Consolidated Financial Statements
The consolidated financial statements include the accounts and operations of the Company and its wholly-owned subsidiaries.
Variable Interest Entities
Other than its Preferred Equity Investments, the Company accounts for its investments in unconsolidated joint ventures under the equity method of accounting. For each venture, the Company evaluated the rights provided to each party in the venture to assess the consolidation of the venture. All investments in unconsolidated joint ventures have sufficient equity at risk to permit the entity to finance its activities without additional subordinated financial support and, as a group, the holders of the equity at risk have power through voting rights to direct the activities of these ventures. As a result, none of these joint ventures are variable interest entities ("VIEs"). Additionally, as determined in accordance with GAAP, the Company does not exercise substantial operating control over these entities, and therefore the entities are not consolidated. These investments are recorded initially at cost, as investments in unconsolidated joint ventures, and subsequently adjusted for their share of equity in earnings, cash contributions and distributions. The distributions to each joint venture partner are determined pursuant to the applicable operating agreement and may not be pro-rata to the percentage equity interest each partner has in the applicable venture.

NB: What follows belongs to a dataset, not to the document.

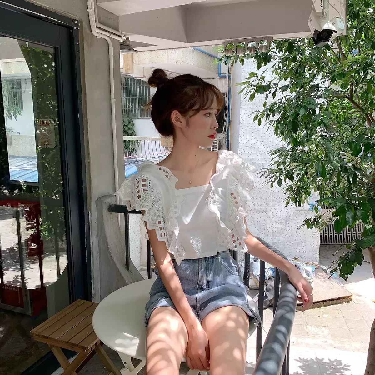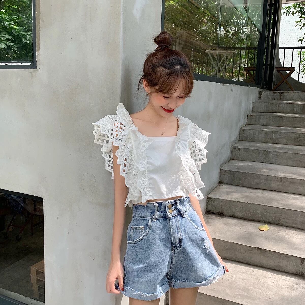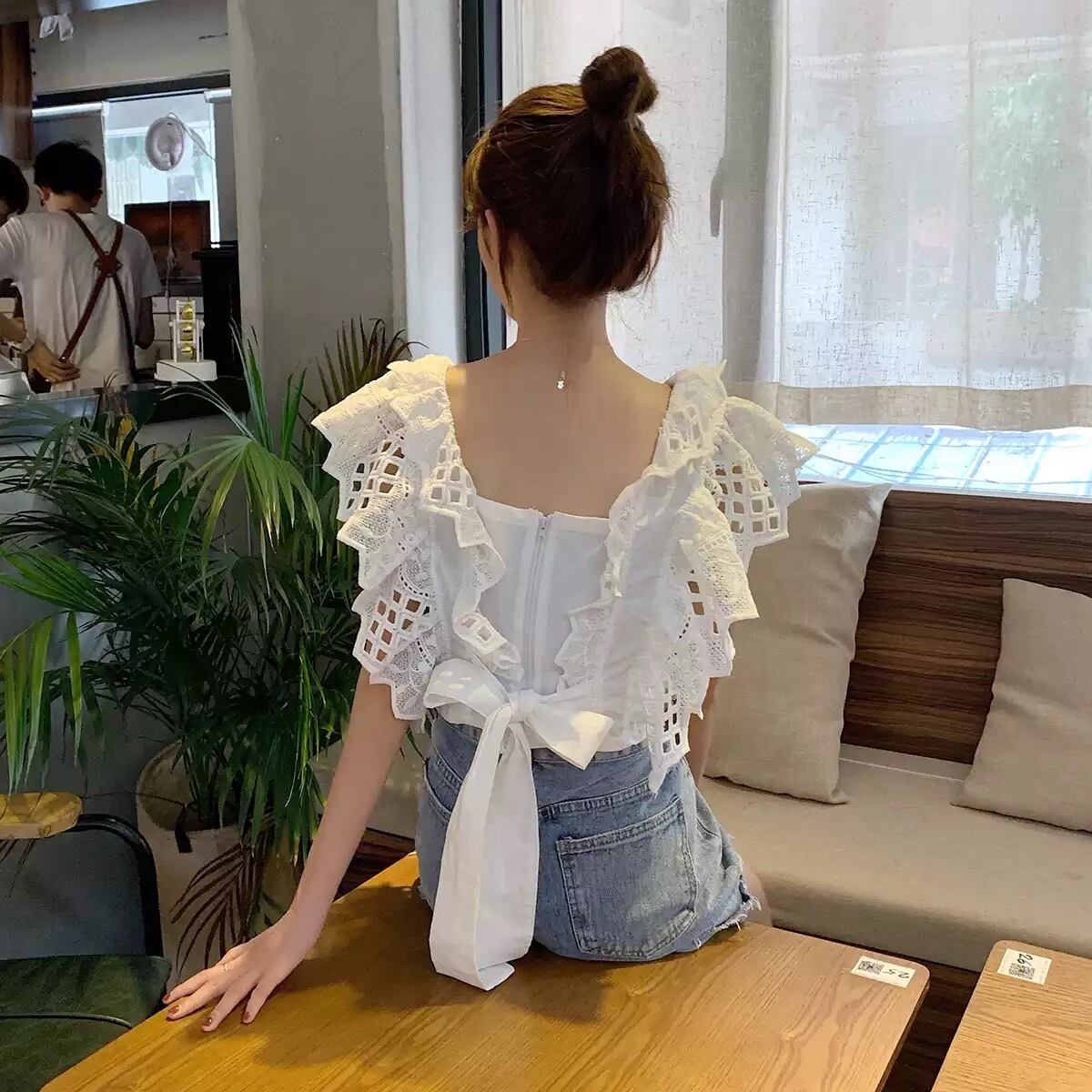 ★送料無料★ 2カラー レディース 半袖 バッグリボン レース ブラウス ナチュラル 春 夏 韓国 シャツ トップス バックリボン バッグオープン バックオープン 背中開き キャミソール 白 黒 モノトーン

The joint ventures in which the Company has the Preferred Equity Investments were determined to be VIE's, as it has been determined that the equity holders lack the ability to direct the activities of the legal entity that most significantly impact the entity's economic performance. It was determined that the Company is not the primary beneficiary as the Company does not have the power to direct the activities of the VIE that most significantly impact the VIE's performance, and therefore these entities are not consolidated.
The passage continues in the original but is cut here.